TASK STATEMENT:
Could you output each line below precisely as it stands, without the images?

======== DATA IN THIS EXERCISE ========

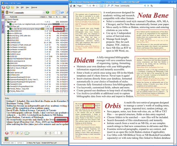 Orbis+, the new add-on module for Nota Bene, now lets you to search PDF, DOCX, DOC, RTF, and HTML files. The version of Orbis that has always been included in the Nota Bene Workstation — that lets you search NB or TXT files — is still included in Nota Bene. But now, with Orbis+, you can expand the range of searchable files to include PDF, DOCX, DOC, RTF, and HTML files. Now, more than ever — whether running on Windows, or on the Mac+Wine — the new Orbis+ is the “Idea Discovery Tool” that can qualitatively change the way you work.
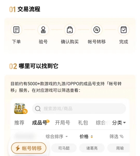 2、部分賬號(hào)支持角色轉(zhuǎn)移。尋光之旅手游里的OPPO、九游賬號(hào),帶有賬號(hào)轉(zhuǎn)移標(biāo)識(shí)的商品,能夠使用交易貓平臺(tái)提供的賬號(hào)轉(zhuǎn)移功能,一鍵將想銷售的游戲賬號(hào)里游戲角色與道具轉(zhuǎn)移到買家指定的賬號(hào)中,讓系統(tǒng)自動(dòng)完成轉(zhuǎn)移的事務(wù),賣家省時(shí)又省勁,很適合平時(shí)需要上班上學(xué)的用戶。
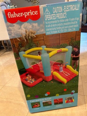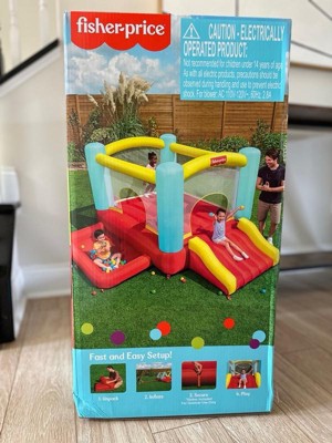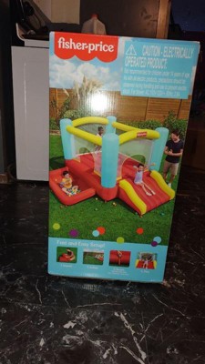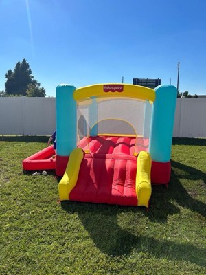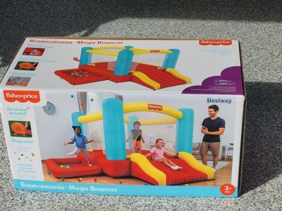 Fisher-Price Bouncemania Inflatable Mega Bouncer with 50 Piece Play Balls, 11 Bounce Stakes, Storage Bag, Blower, and Repair Kit, Multicolor
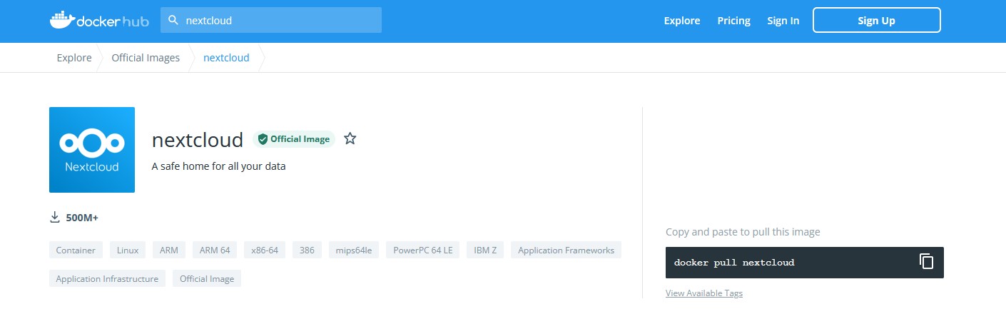 在 https://hub.docker.com/ 中直接搜索Nextcloud,找到官方版本的镜像,点击进去,在右侧有拉取镜像的命令,直接运行即可。
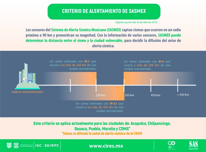 El Sistema de Alerta Sísmica Mexicano SASMEX® difunde en las ciudades de Toluca, Puebla, Acapulco, Chilpancingo, Oaxaca, Morelia y Ciudad de México.
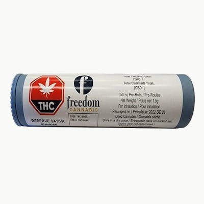 Freedom Cannabis Reserve Sunrise pre-rolls contain only Freedom's best buds. These cone-style pre-rolls are made from quality, high-THC, craft cannabis with only the top 10% of buds making the grade to be used in Freedom's reserve line. This sativa-dominant strain (Freedom's Luminate Product Line) features buds with THC levels between 25-31% that their team has pampered to ensure perfection.
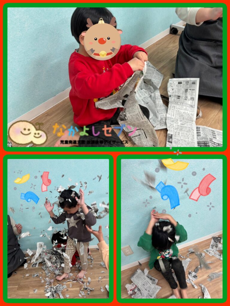 指先に力を入れて紙を破ったり、両手を使って大きくちぎったりと、一人一人が自分のペースで参加できましたね✨お部屋の中に雪を降らせました⛄楽しかったね☺️
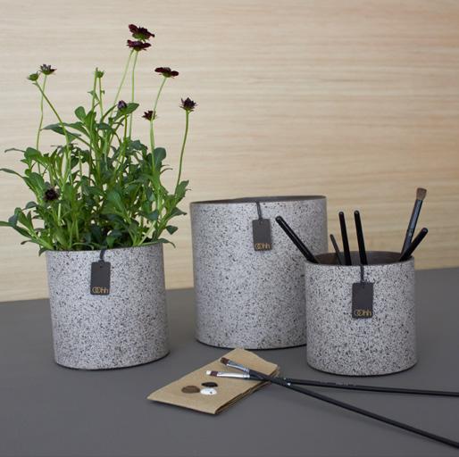100% Recycled paper pots and vases, with cement finish - Waterproof
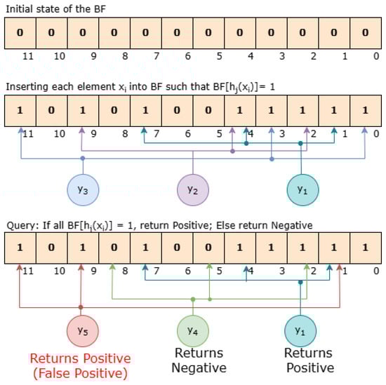 Let be a subset of a universal set U, containing n elements. A Bloom Filter represents these elements using a bit vector of length m, with all bits initially set to zero. To include an element x in S, k distinct hash functions, , are used to assign x to k specific positions within the bit vector, where each falls within the range [0, m − 1]. The bits at these positions in the vector are then set to 1. To check if a given element is part of set S, the element is hashed to the bit vector using the same k hash functions, and the bits at the corresponding positions are examined. If any of these bits is 0, the Bloom Filter determines that the element is not part of S; if all are 1s, the Bloom Filter suggests that the element might be in S. However, it guarantees no false negatives, meaning any element reported as “not present” is definitely not in the set. Figure 4 shows an example of a Bloom Filter with filter size, bits, and hash functions, , used to represent a set . The 12-bit vector is initialized to all zeros. Upon inserting elements, specific bits corresponding to each element are set to 1, as determined by the hash functions.
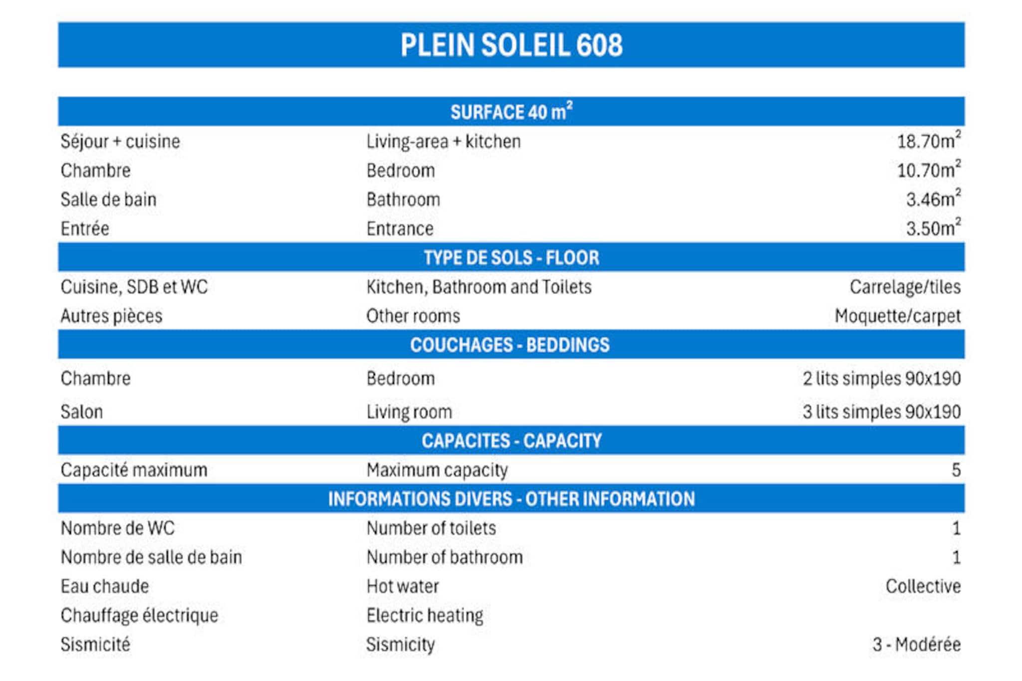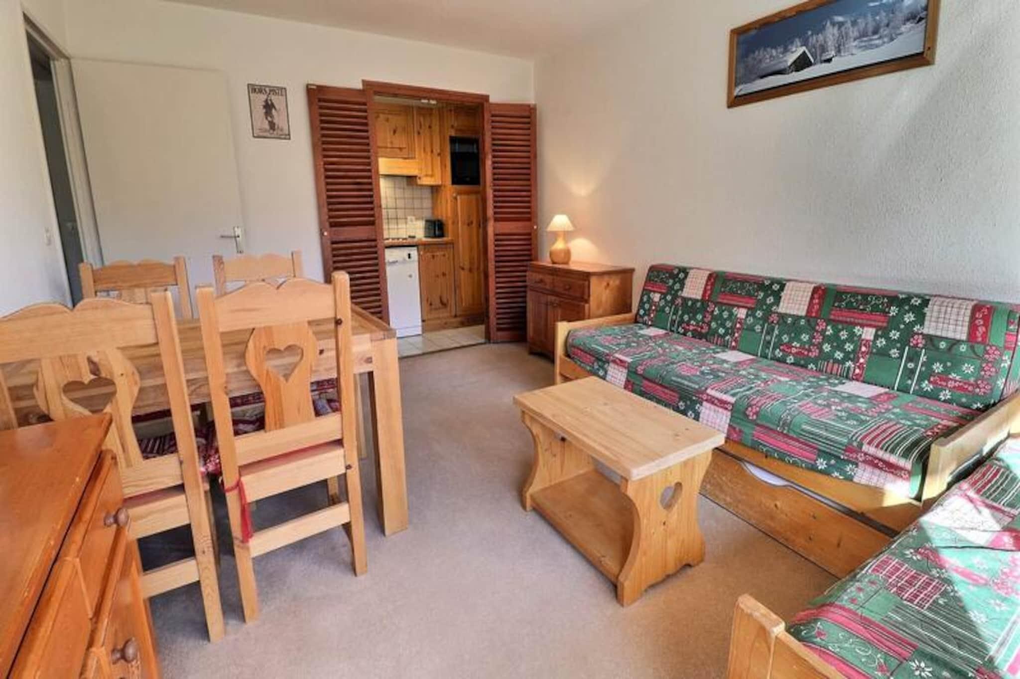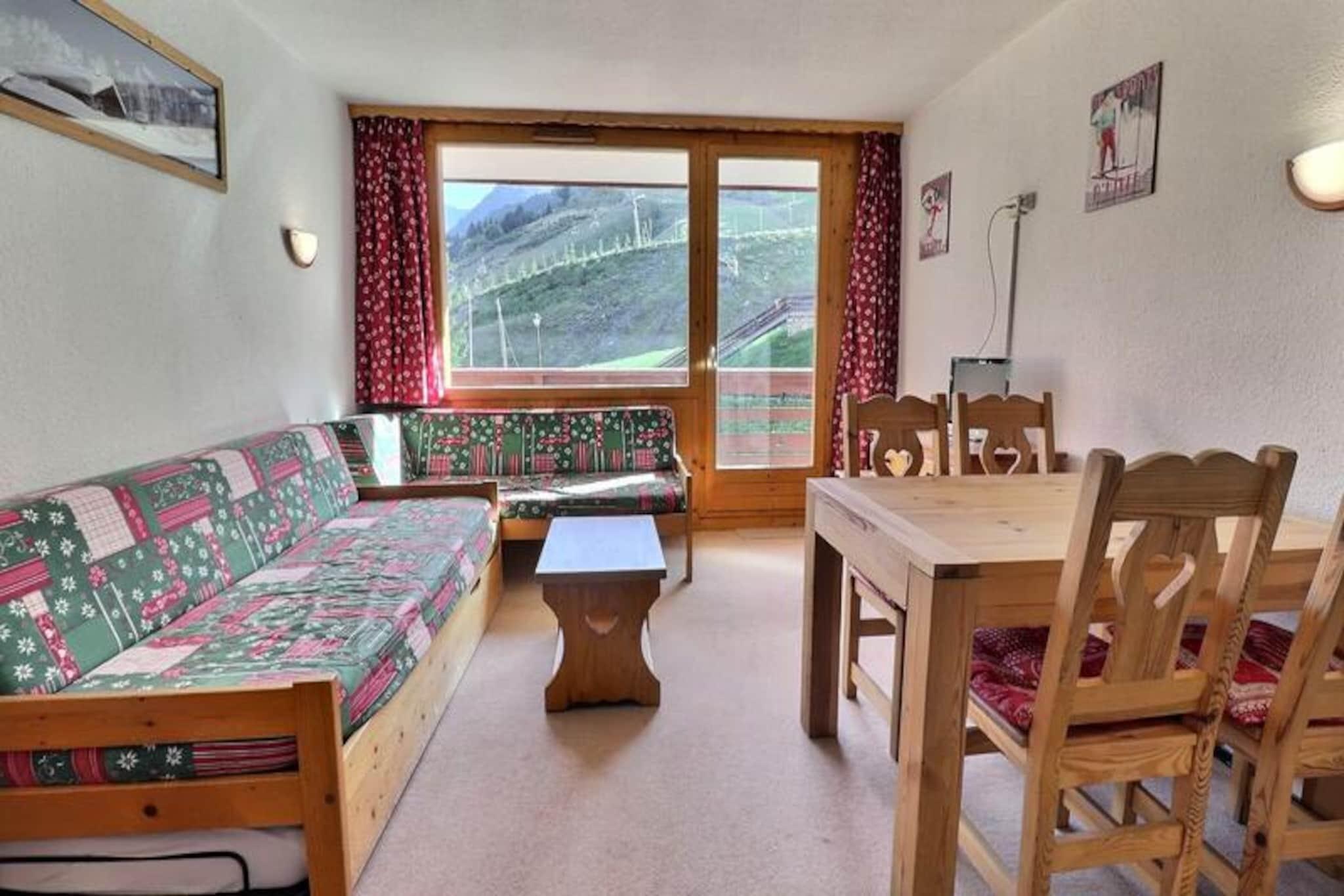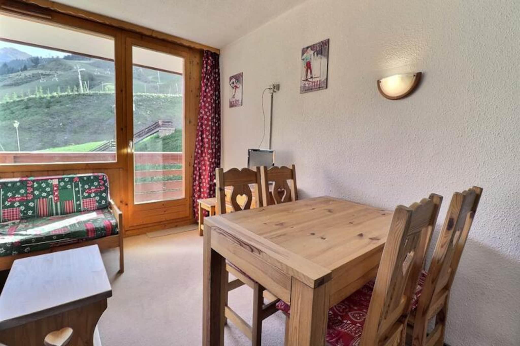 Højt over de maleriske skråninger i Méribel-Mottaret tilbyder dette charmerende alpine tilflugtssted en førsteplads i hjertet af de franske alper. Med sin misundelsesværdige ski-in, ski-out beliggenhed giver Plein Soleil-residensen dig mulighed for at træde direkte ud på pisterne fra skiboksene og fordybe dig i bjergenes spænding fra det øjeblik, du ankommer. Den sydvendte balkon inviterer dig til at nyde solskinnet og panoramaudsigten og skaber den perfekte kulisse for din alpine flugt. \n\nDenne hyggelige, men rummelige lejlighed på 40 m² er designet til op til fem gæster og har en gennemtænkt planløsning. Stuen indeholder en udtrækssenge og en sovesofa, mens det separate soveværelse tilbyder to komfortable enkeltsenge. Et veludstyret tekøkken med en kombineret mikrobølgeovn, køleskab, opvaskemaskine og essentielle apparater sikrer, at du har alt, hvad du behøver for at tilberede solide måltider efter en dag på pisterne. Moderne bekvemmeligheder såsom et fladskærms-tv og gratis Wi-Fi i residensens lounge bidrager til bekvemmeligheden og komforten under dit ophold. \n\nBeliggende i Mottarets pulserende centrum, kun få skridt fra butikker, restauranter og afterski-aktiviteter. Chalets-svævebanen, med gratis adgang fra tidlig morgen til sen aften, forbinder dig ubesværet til Hameau- og Laitelet-områderne, hvilket gør det nemt at udforske det vidtstrakte skiområde Les Trois Vallées. Uanset om du er en erfaren skiløber eller en førstegangsbesøgende, placerer denne beliggenhed dig i hjertet af en af ??verdens mest berømte skidestinationer. \n\nMed sin uovertrufne beliggenhed, varme atmosfære og moderne bekvemmeligheder er denne lejlighed det perfekte valg for familier, venner eller par, der søger en uforglemmelig alpin ferie. Lad magien i Méribel-Mottaret fortrylle dig, mens du skaber dyrebare minder i dette idylliske bjergparadis.

========

EXERCISE SOLUTION:
 Orbis+, the new add-on module for Nota Bene, now lets you to search PDF, DOCX, DOC, RTF, and HTML files. The version of Orbis that has always been included in the Nota Bene Workstation — that lets you search NB or TXT files — is still included in Nota Bene. But now, with Orbis+, you can expand the range of searchable files to include PDF, DOCX, DOC, RTF, and HTML files. Now, more than ever — whether running on Windows, or on the Mac+Wine — the new Orbis+ is the “Idea Discovery Tool” that can qualitatively change the way you work.
 2、部分賬號(hào)支持角色轉(zhuǎn)移。尋光之旅手游里的OPPO、九游賬號(hào),帶有賬號(hào)轉(zhuǎn)移標(biāo)識(shí)的商品,能夠使用交易貓平臺(tái)提供的賬號(hào)轉(zhuǎn)移功能,一鍵將想銷售的游戲賬號(hào)里游戲角色與道具轉(zhuǎn)移到買家指定的賬號(hào)中,讓系統(tǒng)自動(dòng)完成轉(zhuǎn)移的事務(wù),賣家省時(shí)又省勁,很適合平時(shí)需要上班上學(xué)的用戶。
 Fisher-Price Bouncemania Inflatable Mega Bouncer with 50 Piece Play Balls, 11 Bounce Stakes, Storage Bag, Blower, and Repair Kit, Multicolor
 在 https://hub.docker.com/ 中直接搜索Nextcloud,找到官方版本的镜像,点击进去,在右侧有拉取镜像的命令,直接运行即可。
 El Sistema de Alerta Sísmica Mexicano SASMEX® difunde en las ciudades de Toluca, Puebla, Acapulco, Chilpancingo, Oaxaca, Morelia y Ciudad de México.
 Freedom Cannabis Reserve Sunrise pre-rolls contain only Freedom's best buds. These cone-style pre-rolls are made from quality, high-THC, craft cannabis with only the top 10% of buds making the grade to be used in Freedom's reserve line. This sativa-dominant strain (Freedom's Luminate Product Line) features buds with THC levels between 25-31% that their team has pampered to ensure perfection.
 指先に力を入れて紙を破ったり、両手を使って大きくちぎったりと、一人一人が自分のペースで参加できましたね✨お部屋の中に雪を降らせました⛄楽しかったね☺️
100% Recycled paper pots and vases, with cement finish - Waterproof
 Let be a subset of a universal set U, containing n elements. A Bloom Filter represents these elements using a bit vector of length m, with all bits initially set to zero. To include an element x in S, k distinct hash functions, , are used to assign x to k specific positions within the bit vector, where each falls within the range [0, m − 1]. The bits at these positions in the vector are then set to 1. To check if a given element is part of set S, the element is hashed to the bit vector using the same k hash functions, and the bits at the corresponding positions are examined. If any of these bits is 0, the Bloom Filter determines that the element is not part of S; if all are 1s, the Bloom Filter suggests that the element might be in S. However, it guarantees no false negatives, meaning any element reported as “not present” is definitely not in the set. Figure 4 shows an example of a Bloom Filter with filter size, bits, and hash functions, , used to represent a set . The 12-bit vector is initialized to all zeros. Upon inserting elements, specific bits corresponding to each element are set to 1, as determined by the hash functions.
 Højt over de maleriske skråninger i Méribel-Mottaret tilbyder dette charmerende alpine tilflugtssted en førsteplads i hjertet af de franske alper. Med sin misundelsesværdige ski-in, ski-out beliggenhed giver Plein Soleil-residensen dig mulighed for at træde direkte ud på pisterne fra skiboksene og fordybe dig i bjergenes spænding fra det øjeblik, du ankommer. Den sydvendte balkon inviterer dig til at nyde solskinnet og panoramaudsigten og skaber den perfekte kulisse for din alpine flugt. \n\nDenne hyggelige, men rummelige lejlighed på 40 m² er designet til op til fem gæster og har en gennemtænkt planløsning. Stuen indeholder en udtrækssenge og en sovesofa, mens det separate soveværelse tilbyder to komfortable enkeltsenge. Et veludstyret tekøkken med en kombineret mikrobølgeovn, køleskab, opvaskemaskine og essentielle apparater sikrer, at du har alt, hvad du behøver for at tilberede solide måltider efter en dag på pisterne. Moderne bekvemmeligheder såsom et fladskærms-tv og gratis Wi-Fi i residensens lounge bidrager til bekvemmeligheden og komforten under dit ophold. \n\nBeliggende i Mottarets pulserende centrum, kun få skridt fra butikker, restauranter og afterski-aktiviteter. Chalets-svævebanen, med gratis adgang fra tidlig morgen til sen aften, forbinder dig ubesværet til Hameau- og Laitelet-områderne, hvilket gør det nemt at udforske det vidtstrakte skiområde Les Trois Vallées. Uanset om du er en erfaren skiløber eller en førstegangsbesøgende, placerer denne beliggenhed dig i hjertet af en af ??verdens mest berømte skidestinationer. \n\nMed sin uovertrufne beliggenhed, varme atmosfære og moderne bekvemmeligheder er denne lejlighed det perfekte valg for familier, venner eller par, der søger en uforglemmelig alpin ferie. Lad magien i Méribel-Mottaret fortrylle dig, mens du skaber dyrebare minder i dette idylliske bjergparadis.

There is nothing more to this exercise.